Lastly, it needs to be possible to prove that the audited code is actually the code running in the car. You want an independent auditor to build the software for themself, in a development environment they trust, and get the exact same output as what's in the car. It must be possible to build the software reproducibly.

Otherwise checking the code is pointless — you still have to trust the car manufacturer, and you can't be sure the software's behaviour doesn't deviate in subtle ways in very specific situations. Maybe you don't care about any subtle differences, but maybe you do. The driver should at least be honest with you, and you can decide for yourself.

None of this will make sure a self-driving car is perfectly safe. All software has bugs. But at least you'll know the driver was acting in good faith.

Trade secrets and competitive advantage are not worth dying for.

…Or you could just trust the big friendly company… right?

BBC msPlayer

2007-09-07T21:52:00+00:00

The BBC recently launched a video-on-demand service called “iPlayer”. To ensure that copyright violators have to invest more time in copying each video, and to make it awkward for everyone else to view content that they're allowed to view*, the BBC decided to encapsulate their content in DRM—officially “digital rights management”, equally accurately “digital restrictions management”.

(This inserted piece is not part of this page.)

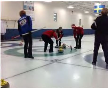
View of the house.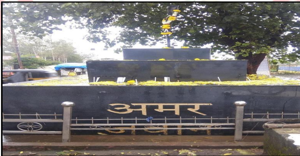
Decorated Amar Jawan Chowk by DLLE Students

They chose Microsoft to provide the DRM, ostensibly a good choice, since Microsoft have proven themselves adept at bundling obtrusive unwanted software along with software the customer actually wants—it was for this reason that they were convicted of operating a monopoly in the EU.

Unfortunately, Microsoft's DRM system only works on Microsoft's operating system, Windows; and even then, only on the five-year-old version, XP, which has since been superceded by Vista. Oddly, having better DRM capabilities is one of Vista's selling points. And it's odd that the British Broadcasting Corporation would choose to anoint Windows XP as its favourite operating system, since there isn't even a version of it that uses British English. (There is a Welsh version, because too many Welsh speakers started using Free Software.)

The BBC Trust maintains that it's a good idea to ask a convicted software monopoly to produce software whose purpose is to restrict users' capabilities, and that only runs when using the monopoly's operating system software.

A petition was sent to the UK government to protest against this decision. They've responded; an excerpt:

The BBC Trust made it a condition […] that the iPlayer is available to users of a range of operating systems, and has given a commitment that it will ensure that the BBC meets this demand as soon as possible. They will measure the BBC's progress on this every six months and publish the findings.

—iplayer - epetition response

Every six months. They're going to review their progress every six months. The government, the BBC Trust and the BBC don't seem to understand the pace at which technology, particularly internet-based technology, moves. The length of time it's taken the BBC to produce the iPlayer since announcing it is evidence of this. Hopefully such a long delay will harm Microsoft Windows Vista as much as it will harm Free Software.